I am having some problems with a combination of openmpi+sge6.2

Currently I'm working with the 1.3a1r19666 openmpi release and the
myrinet gm libraries (2.1.19) but the problem was the same with the
prior 1.3 version. In short, I'm able to send jobs to a que via qrsh,
more or less this way,

qrsh -cwd -V -q para -pe orte 6 mpirun -np 6 ctiming

ctiming is a small test program and in this way it works, but if I try to
send the same task by using qsub on a script like this one

#!/bin/sh
#$ -pe orte 6
#$ -q para
#$ -cwd
#
mpirun -np $NSLOTS /model/jaime/ctiming

It fails with a message like this,
..............

error reading job context from "qlogin_starter"
--------------------------------------------------------------------------
A daemon (pid 11207) died unexpectedly with status 1 while attempting
to launch so we are aborting.

There may be more information reported by the environment (see above).

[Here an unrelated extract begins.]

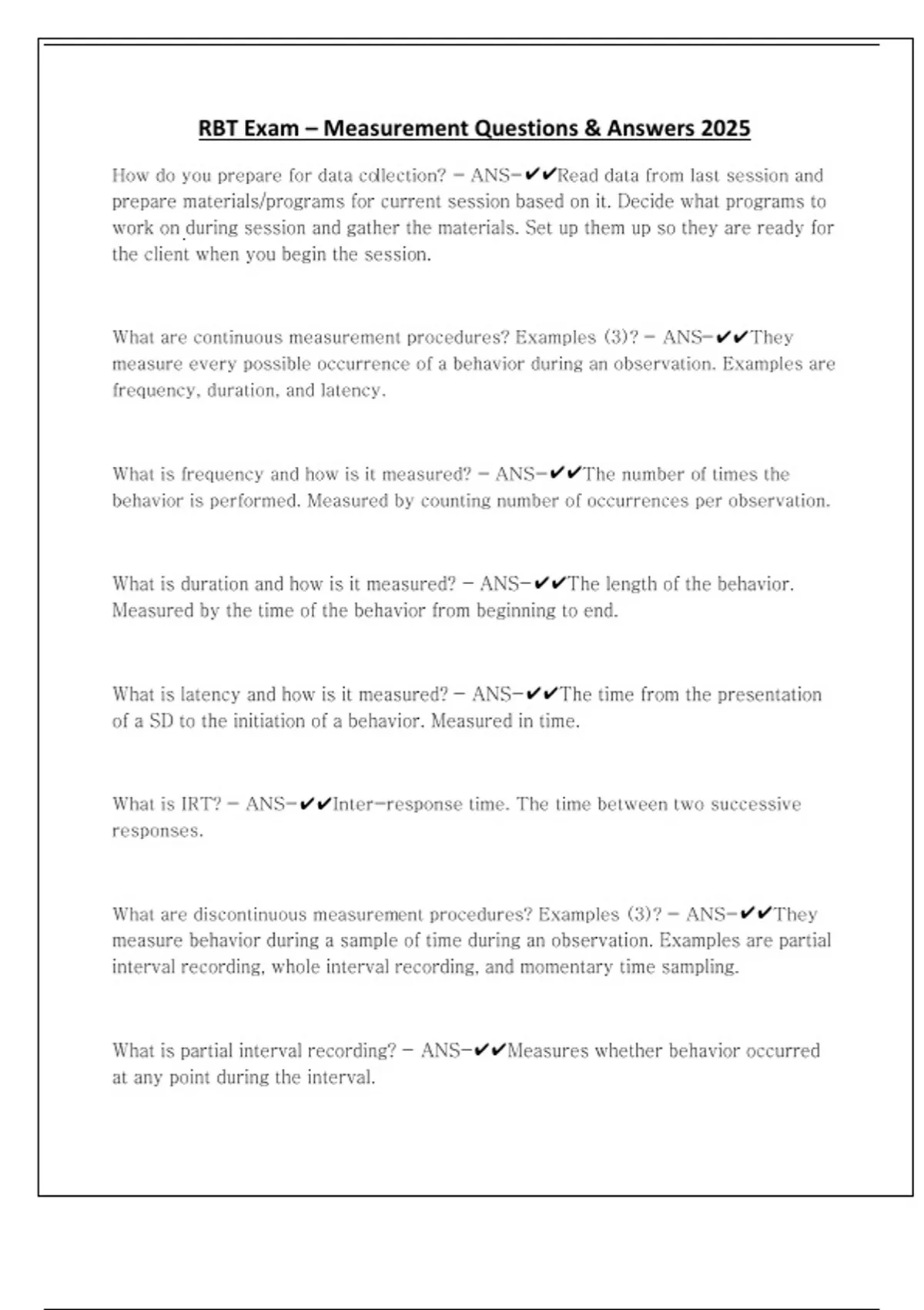 RBT Exam – Measurement Questions & Answers 2025 How do you prepare for data collection? - ANS-Read data from last session and prepare materials/programs for current session based on it. Decide what programs to work on during session and gather the materials. Set up them up so they are ready for the client when you begin the session. What are continuous measurement procedures? Examples (3)? - ANS-They measure every possible occurrence of a behavior during an observation. Examples are frequency, duration, and latency. What is frequency and how is it measured? - ANS-The number of times the behavior is performed. Measured by counting number of occurrences per observation. What is duration and how is it measured? - ANS-The length of the behavior. Measured by the time of the behavior from beginning to end. What is latency and how is it measured? - ANS-The time from the presentation of a SD to the initiation of a behavior. Measured in time. What is IRT? - ANS-Inter-response time. The time between two successive responses. What are discontinuous measurement procedures? Examples (3)? - ANS-They measure behavior during a sample of time during an observation. Examples are partial interval recording, whole interval recording, and momentary time sampling. What is partial interval recording? - ANS-Measures whether behavior occurred at any point during the interval. What is whole interval recording? - ANS-

This may be because the daemon was unable to find all the needed shared
libraries on the remote node. You may set your LD_LIBRARY_PATH to have the
location of the shared libraries on the remote nodes and this will
automatically be forwarded to the remote nodes.

.............

I know that LD_LIBRARY_PATH is not the problem, since I checked that all
the environment is present.... any idea?

For previous releases of the sge and openmpi I was able to do them work
together with a few wrappers, but now the integration looks much better!
This happen only when sending openmpi jobs.

Thanks and all the best
 

---
           Jaime D. Perea Duarte. <jaime at iaa dot es>
             Linux registered user #10472
           Dep. Astrofisica Extragalactica.
           Instituto de Astrofisica de Andalucia (CSIC)
           Apdo. 3004, 18080 Granada, Spain.